> [EXERCISE INSTRUCTIONS]: Reproduce exactly the lines of this material that begin at the line with "开奖回顾:第2024066期" and end at the line with "2019年1月3日下午,太阳", both included. Omit the pictures and everything else.

> [THE INPUT]:
--

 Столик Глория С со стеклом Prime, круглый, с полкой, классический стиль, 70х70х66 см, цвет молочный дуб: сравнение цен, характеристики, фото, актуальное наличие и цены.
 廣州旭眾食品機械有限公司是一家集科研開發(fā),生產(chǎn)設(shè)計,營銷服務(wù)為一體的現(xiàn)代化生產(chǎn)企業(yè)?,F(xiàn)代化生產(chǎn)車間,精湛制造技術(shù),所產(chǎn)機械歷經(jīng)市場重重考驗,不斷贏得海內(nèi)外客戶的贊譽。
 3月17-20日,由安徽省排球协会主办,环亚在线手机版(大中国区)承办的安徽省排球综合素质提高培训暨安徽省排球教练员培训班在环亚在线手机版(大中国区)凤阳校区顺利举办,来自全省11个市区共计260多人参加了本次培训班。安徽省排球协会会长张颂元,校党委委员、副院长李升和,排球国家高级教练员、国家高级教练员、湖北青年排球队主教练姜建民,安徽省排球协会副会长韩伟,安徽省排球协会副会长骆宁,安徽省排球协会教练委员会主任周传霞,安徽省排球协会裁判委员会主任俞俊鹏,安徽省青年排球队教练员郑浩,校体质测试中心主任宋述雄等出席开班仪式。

--

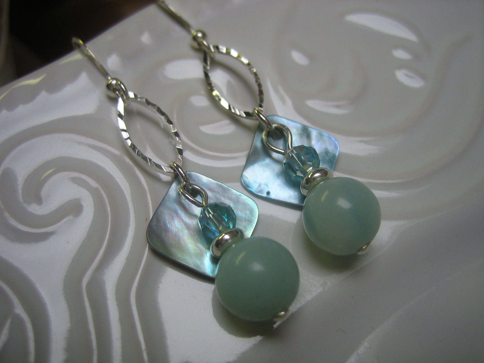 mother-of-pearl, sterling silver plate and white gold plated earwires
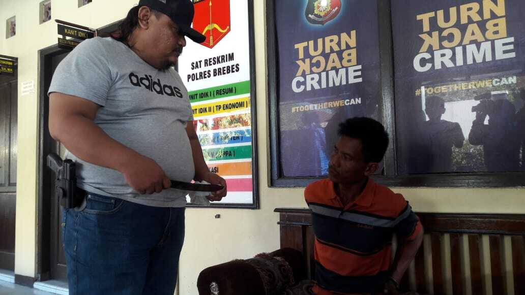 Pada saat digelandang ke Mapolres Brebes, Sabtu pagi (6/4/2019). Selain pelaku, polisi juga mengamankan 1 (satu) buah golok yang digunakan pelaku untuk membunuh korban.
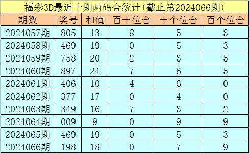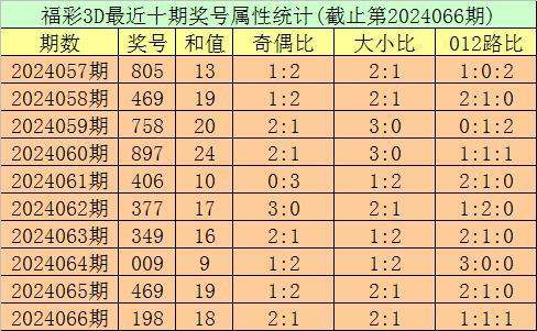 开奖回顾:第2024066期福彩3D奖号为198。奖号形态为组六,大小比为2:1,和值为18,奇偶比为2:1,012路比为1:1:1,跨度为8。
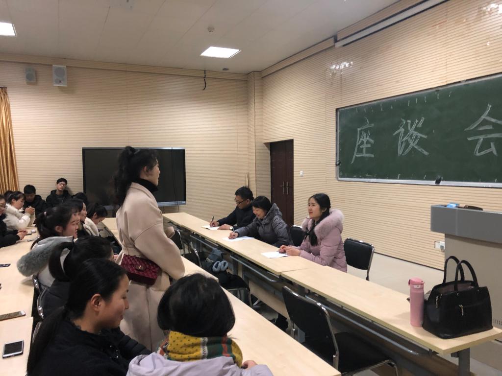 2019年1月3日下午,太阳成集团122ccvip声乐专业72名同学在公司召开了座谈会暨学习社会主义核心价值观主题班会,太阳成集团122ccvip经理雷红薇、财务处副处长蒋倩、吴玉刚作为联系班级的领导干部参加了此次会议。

--

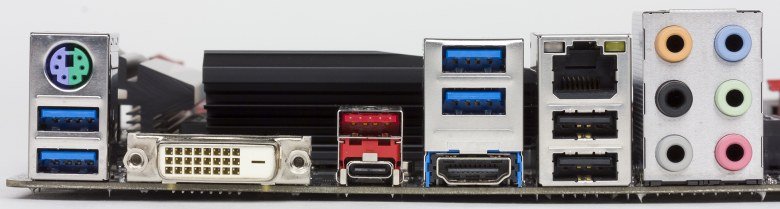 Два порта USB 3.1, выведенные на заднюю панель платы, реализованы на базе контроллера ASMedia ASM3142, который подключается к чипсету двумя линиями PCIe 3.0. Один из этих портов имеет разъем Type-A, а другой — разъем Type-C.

--

> [RESULT]:
 开奖回顾:第2024066期福彩3D奖号为198。奖号形态为组六,大小比为2:1,和值为18,奇偶比为2:1,012路比为1:1:1,跨度为8。
 2019年1月3日下午,太阳成集团122ccvip声乐专业72名同学在公司召开了座谈会暨学习社会主义核心价值观主题班会,太阳成集团122ccvip经理雷红薇、财务处副处长蒋倩、吴玉刚作为联系班级的领导干部参加了此次会议。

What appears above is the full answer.